"Cara Unione,

ieri ho avuto conferma (l'ennesima) che sono 'strani' coloro che rispettano le regole.

Centro trasfusionale dell'ospedale Santa Barbara, a Iglesias: sono le 11.55 quando arrivo, con già la mascherina indossata, al secondo piano della palazzina che ospita il servizio, per una visita ematologica urgente (prenotata ieri dalle gentilissime e amorevoli - tengo a evidenziarlo - operatrici del Cup dello stesso presidio) fissata alle 12. Sono in anticipo e aspetto l'orario previsto prima di suonare il campanello: passa qualche minuto, sento voci in lontananza, ma nessuno si avvicina. Resto in piedi, ché la poltrona ha un aspetto poco rassicurante dal punto di vista igienico e sull'unica sedia presente (sistemata per interdire l'accesso al reparto) trova posto un sensore che si aziona appena ci si avvicina. Sono già le 12.10 quando arriva una coppia: lui ha la mascherina, lei no. Dopo i saluti, le ricordo che bisogna indossare il dispositivo, ma lei mi risponde in malo modo e mi dice di farmi gli affari miei. Replico che lo sono, anche miei, perché siamo in una struttura pubblica (sanitaria, peraltro), la norma lo prevede e non sa (né devo dirglielo) che posso essere uno di quei soggetti 'a rischio'. Lei continua a borbottare e dice che non ha visto nessun cartello (è vero, nella struttura non c'è alcun avviso né controllo all'ingresso). 'Gente fissata con questa storia del Covid', continua. Le suggerisco di smetterla e la avverto di essere pronta a chiamare la Polizia. Si allontana e, quando ormai sono le 12.20, un'infermiera si presenta all'ingresso: ha la mascherina abbassata e sono costretta a chiedere anche a lei di indossarla correttamente. 'Ha ragione, mi scusi', dice. Ma mi sento gli occhi puntati addosso come se fossi un'invasata che chiede qualcosa di strano.

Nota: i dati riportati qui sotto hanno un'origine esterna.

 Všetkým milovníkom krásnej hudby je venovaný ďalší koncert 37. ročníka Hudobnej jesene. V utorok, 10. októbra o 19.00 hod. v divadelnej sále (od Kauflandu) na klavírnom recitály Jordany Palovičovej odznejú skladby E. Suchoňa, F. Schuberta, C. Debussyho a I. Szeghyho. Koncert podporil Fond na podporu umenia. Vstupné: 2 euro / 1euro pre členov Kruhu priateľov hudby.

Mi infastidisce la sensazione di essere quasi fuori posto, da paziente che anziché essere tutelata dagli operatori sanitari, si vede costretta a ricordar loro quali siano le regole da seguire. Giuste o sbagliate, non spetta a me dirlo: ma regole in vigore e, pertanto, da rispettare. E da far rispettare. Tutti. Fa specie, poi, che in un luogo 'sensibile' come un servizio sanitario, chi dirige o ha un ruolo, metta i pazienti nell'antipatica condizione di litigare tra loro.

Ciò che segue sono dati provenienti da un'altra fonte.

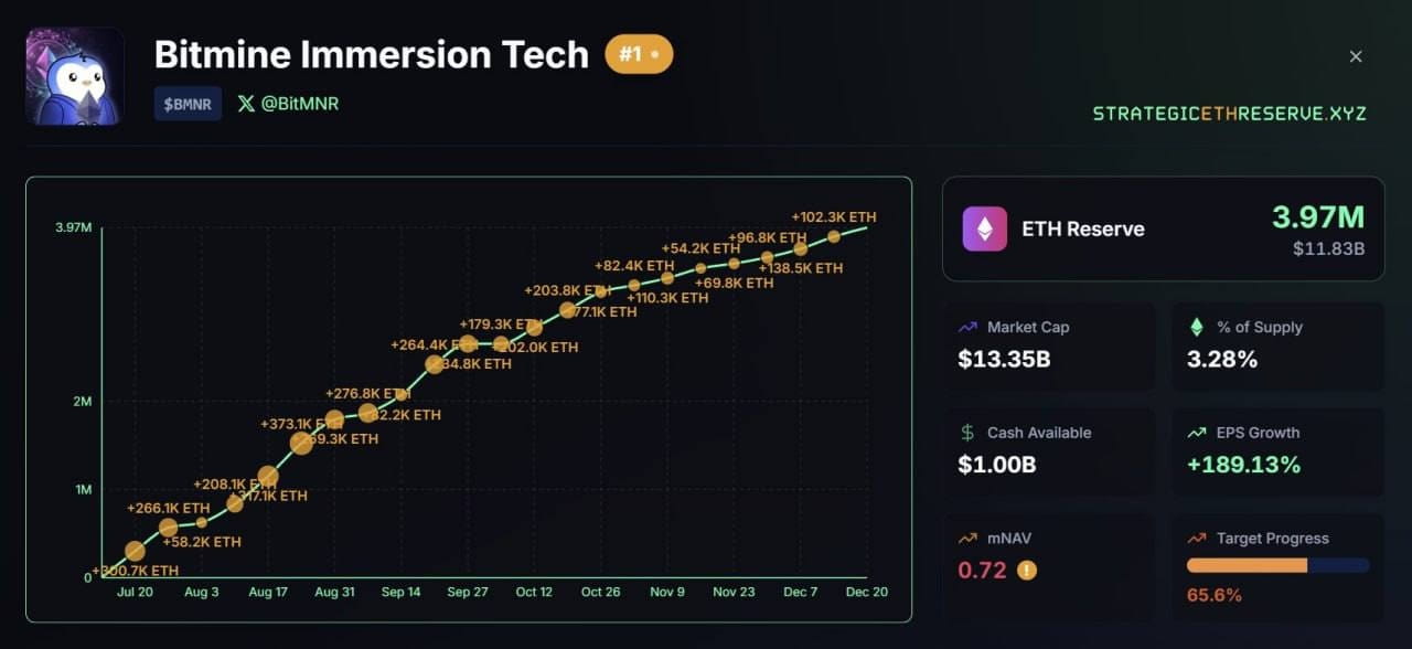 At the same time, signals of institutional interest are appearing in the market. Bitmine has already achieved about 66% of its goal to acquire 5% of the total ETH supply. This is not a mass trend, but an indication that large players continue to cautiously build positions.

A 'margine', il motivo per cui ero lì, la visita ematologica. Quando sono quasi le 12.30 l'infermiera guarda il foglio di prenotazione e mi dice, sorpresa: 'Ma qui non le stiamo facendo, vada a Carbonia'. Le mostro il foglio del ticket già pagato e le faccio notare che nella prenotazione è indicato il Trasfusionale di Iglesias, mi guarda e risponde: 'Vediamo cosa dice il medico', quasi dovesse farmi un favore. Il dottore si avvicina e mi invita a entrare nella sala visite (nell'androne vedo un uomo, senza mascherina né cartellino identificativo, che preleva contenitori dal reparto), io mi fermo all'ingresso e gli dico che devo igienizzarmi le mani. Lo fa anche lui. Nessuno, in tutto il tempo di permanenza nella struttura, mi misura la temperatura".